══ Data provided ══
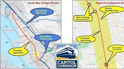 - South Bay Connect Project is relocating Capitol Corridor to Coast subdivision, passing residential areas in Union City, Fremont, and Newark, consisting of many minorities and immigrants
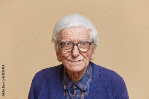 adult, age, aged, beige, blue, elder, eyeglass, grandfather, grandfather, indoor, male, man, mature, old, pensioner, pleasant, portrait, senior, senior citizen, studio, sweater
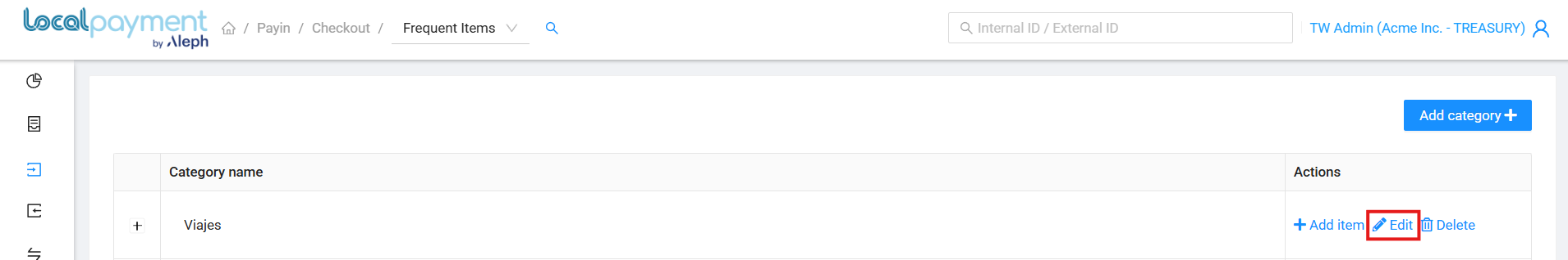 - Click the Add category button in the Frequent Items section.
═══
• [Problem to work on]:
The lines from the one containing "citizen, studio, sweater" to the end of the material must be output exactly, both ends included; no picture may appear.

• [Written response]:
 adult, age, aged, beige, blue, elder, eyeglass, grandfather, grandfather, indoor, male, man, mature, old, pensioner, pleasant, portrait, senior, senior citizen, studio, sweater
 - Click the Add category button in the Frequent Items section.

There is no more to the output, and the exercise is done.